AUD/USD direction will be influenced by the release of the U.S. July CPI and fresh release of the University of Michigan inflation expectations survey for August. In both cases, there is a reasonable chance of a decline in inflation and inflation expectations, which may see the resurgent USD lose some strength, and provide AUD/USD with some support.
AUD/EUR
AUD/EUR has spent an increasing amount of time above 0.6800 as Australia’s economic data continues to roll in on the impressive side (despite the global headwinds), and as Europe’s economy continues to face the challenges of energy disruptions and much higher inflation.

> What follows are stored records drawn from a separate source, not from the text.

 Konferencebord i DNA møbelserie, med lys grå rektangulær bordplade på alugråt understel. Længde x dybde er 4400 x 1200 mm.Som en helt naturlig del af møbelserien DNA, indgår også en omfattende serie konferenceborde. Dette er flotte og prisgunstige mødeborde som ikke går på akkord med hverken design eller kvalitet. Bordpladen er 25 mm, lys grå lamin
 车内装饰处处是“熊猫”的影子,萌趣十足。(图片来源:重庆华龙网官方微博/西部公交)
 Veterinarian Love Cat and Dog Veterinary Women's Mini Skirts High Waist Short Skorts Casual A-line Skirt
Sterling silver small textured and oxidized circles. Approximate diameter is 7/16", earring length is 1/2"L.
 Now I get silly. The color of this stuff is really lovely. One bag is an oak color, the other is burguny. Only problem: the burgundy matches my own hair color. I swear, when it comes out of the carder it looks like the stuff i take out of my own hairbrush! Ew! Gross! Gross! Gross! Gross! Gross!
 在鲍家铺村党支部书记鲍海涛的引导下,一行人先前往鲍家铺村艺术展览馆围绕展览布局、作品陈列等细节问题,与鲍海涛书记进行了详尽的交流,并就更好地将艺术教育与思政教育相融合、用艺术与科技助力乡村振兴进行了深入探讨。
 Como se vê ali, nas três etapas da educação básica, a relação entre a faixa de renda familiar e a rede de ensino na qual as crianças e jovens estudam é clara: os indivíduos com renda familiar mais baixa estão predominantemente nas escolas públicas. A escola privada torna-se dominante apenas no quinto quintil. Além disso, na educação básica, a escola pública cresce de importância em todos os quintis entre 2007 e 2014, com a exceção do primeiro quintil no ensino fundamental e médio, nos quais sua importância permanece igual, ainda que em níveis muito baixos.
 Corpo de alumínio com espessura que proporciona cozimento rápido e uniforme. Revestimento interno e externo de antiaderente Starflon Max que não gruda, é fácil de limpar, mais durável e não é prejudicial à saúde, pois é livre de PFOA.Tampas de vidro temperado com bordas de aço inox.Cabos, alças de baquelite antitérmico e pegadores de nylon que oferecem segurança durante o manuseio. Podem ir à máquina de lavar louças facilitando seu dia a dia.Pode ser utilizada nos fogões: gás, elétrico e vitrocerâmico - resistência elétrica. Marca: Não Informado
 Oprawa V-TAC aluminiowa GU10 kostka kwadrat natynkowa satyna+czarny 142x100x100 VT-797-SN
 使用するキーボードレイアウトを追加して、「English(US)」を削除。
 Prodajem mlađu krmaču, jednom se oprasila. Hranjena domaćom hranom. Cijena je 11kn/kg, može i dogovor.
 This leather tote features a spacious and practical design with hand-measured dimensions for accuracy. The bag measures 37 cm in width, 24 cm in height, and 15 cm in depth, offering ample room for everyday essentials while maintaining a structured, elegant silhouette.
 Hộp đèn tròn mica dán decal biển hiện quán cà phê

Having said that, despite the decline in European consumer confidence, the first estimate of Eurozone Q2 real GDP growth was much stronger than expected, at 0.7% (QoQ), and the Eurozone’s unemployment rate eased 0.2 to 6.6% in the June quarter, a cyclical low.
Furthermore, now that crude oil prices have returned to their levels prior to the 24 February Russian invasion of Ukraine, some of the price pressures on the European economy are likely to ease. Europe is still facing gas restrictions (some self-imposed) which will continue to challenge industry capacity.
There are some encouraging signs that energy price inflation may begin to ease in Europe, and that the month of June was a stronger month in the Eurozone economy, with firmer than expected German and French industrial production growth.
If this is the case, further appreciation in AUD/EUR may be difficult to achieve as EUR adjusts to erase some of its recent depreciation in line with an easing of Eurozone stagflation concerns. If so, a decline over coming weeks to the 100-day moving average of 0.6726 ispossible.
A lower close to the week in AUD/EUR after the stronger-than-expected U.S. July labour market report, also suggests AUD/EUR could trade a little-lower and/or range trade for a while.